Oobleck is one of the best classroom demos in physics because it behaves like a contradiction in a bowl: tap it quickly and it feels solid, but move it slowly and it flows like a liquid. That dramatic switching is not magic; it is rheology, the science of how matter flows and deforms under stress. In a recent Ars Technica report on oobleck’s surprising behavior, dense drops at high shear rates were described as spreading like a liquid before stiffening into a solid, a reminder that the transition depends on how fast you stress the material. In this code lab, we will build a simple but insightful Python simulation that approximates oobleck with a rate-dependent viscosity model, then visualize the switch between fluid-like and solid-like response.

This guide is designed as a practical bridge between theory and computation, much like a lab notebook you can run at home. If you have seen summaries of modern physics workflows like open-source quantum software ecosystems or evaluation frameworks for reasoning-intensive systems, the spirit is similar: define the model clearly, test assumptions, and inspect the outputs instead of trusting a black box. Here, our “black box” is a non-Newtonian fluid, and our goal is to make it transparent, reproducible, and visually intuitive.

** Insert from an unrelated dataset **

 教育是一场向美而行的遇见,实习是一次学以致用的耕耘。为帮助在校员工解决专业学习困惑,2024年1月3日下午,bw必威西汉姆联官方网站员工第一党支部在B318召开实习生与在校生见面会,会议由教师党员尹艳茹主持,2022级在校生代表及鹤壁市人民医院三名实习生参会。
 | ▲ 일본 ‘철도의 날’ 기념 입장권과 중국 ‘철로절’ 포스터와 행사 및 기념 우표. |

1. What Oobleck Is, and Why It Suddenly Feels Solid

Shear thickening in plain language

Oobleck is typically a cornstarch-water suspension, and its strange behavior comes from the way particles interact under stress. At low shear rates, the mixture can rearrange and flow because water helps the particles slide past one another. At high shear rates, the particle network jams, the local viscosity rises sharply, and the mixture resists motion like a temporary solid. That rate dependence is the key: the material is not simply “thick” or “thin,” but changes with the speed and intensity of forcing.

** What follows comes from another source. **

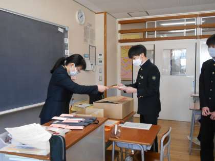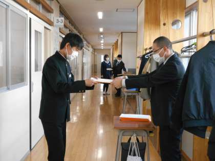 各クラスで通知表や卒業記念品が渡されました。担任と一緒に、3年間の頑張りと成長を確認することができました。明日はいよいよ卒業式です。保護者の皆様に、3年生が立派に成長した姿をお見せできると思います。

Why this matters beyond the kitchen

Shear-thickening suspensions are not just classroom curiosities. They inform protective gear, impact-resistant materials, industrial slurries, and formulations where response under stress matters more than static properties. When scientists and engineers study these fluids, they are often trying to understand how microstructure, particle concentration, and applied forcing produce nonlinear behavior. If you want a broader computational mindset for scientific modeling, it can help to think in terms of systems and workflows, similar to how instructors map concepts in decision-engine classroom activities or how teams design robust pipelines in real-time capacity systems—the exact domains differ, but the principle of responsive modeling is the same.

What we will and will not model

To make the simulation approachable, we will not attempt a full particulate suspension calculation. A complete treatment would involve hydrodynamics, particle packing, and possibly contact mechanics, which is too heavy for a home code lab. Instead, we will approximate oobleck as a fluid with viscosity that depends on shear rate. That simplification is powerful enough to reproduce the qualitative “switching” behavior while staying accessible in Python.

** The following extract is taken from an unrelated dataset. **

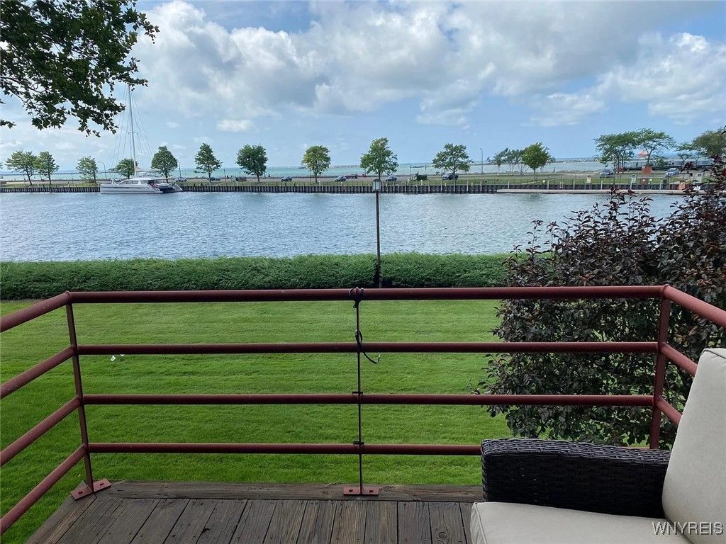 Sophisticated waterfront living awaits in this exceptional, 3-bedroom, 2.5-bath residence in highly sought-after Waterfront Village. Designed for comfort and style, the home features an open-concept layout, a chef's kitchen with premium appliances, and generous living and dining spaces ideal for everyday living or entertaining. Living Room has built-ins and a gas fireplace to savor the year-round gorgeous Lake Erie sunsets. Enjoy three private balconies, including two with sweeping views of the Erie Basin Marina and Lake Erie, and a third with a city view! The spacious primary bedroom has an en-suite bath with a balcony overlooking the Lake and Marina as well. Partial hardwood floors and custom California Closets. Additional highlights include garage parking, in-unit laundry, and direct access to waterfront paths and neighborhood amenities. Close to sporting events, restaurants and the new Ralph Wilson Park! Freshly painted. For security and comfort, there is a smart lock and Ring doorbell. A Nest thermostat monitors your comfort. Rent includes cable, internet, water, trash removal, snow removal. Tenant only responsible for gas and electric. Located in Marina Park Condominiums, there is a private tennis/pickleball court on the property; ample parking and a great lawn facing the marina and Lake Erie with views of Canada! Pets considered on a case-by-case basis. Weight limit of 30 pounds. Requires Board approval. One-year lease. No smoking. Tenant must complete application. Board approval of rental is required by the HOA. A very rare opportunity to lease a beautifully finished home in Buffalo's premier waterfront communities.

2. The Physics Behind the Switching Behavior

Newtonian vs non-Newtonian fluids

A Newtonian fluid has a constant viscosity: double the shear stress, and you double the shear rate. Water and air are close to this ideal over many conditions. Oobleck is different because its viscosity is not constant; it depends on how hard and how fast you deform it. This makes it a non-Newtonian fluid, and more specifically one with shear-thickening behavior.

Viscosity as a function of shear rate

The simplest useful model is a smooth transition from low viscosity to high viscosity as shear rate increases. One popular family of approximations uses a sigmoidal or power-law-like relation. For example, you can define an effective viscosity μ(γ̇) that grows rapidly once the shear rate γ̇ crosses a threshold γ̇c. The exact formula is not unique, but it should satisfy two requirements: low-shear flow is easy, and high-shear flow becomes strongly resisted. That nonlinear transition is what gives oobleck its “switching” personality.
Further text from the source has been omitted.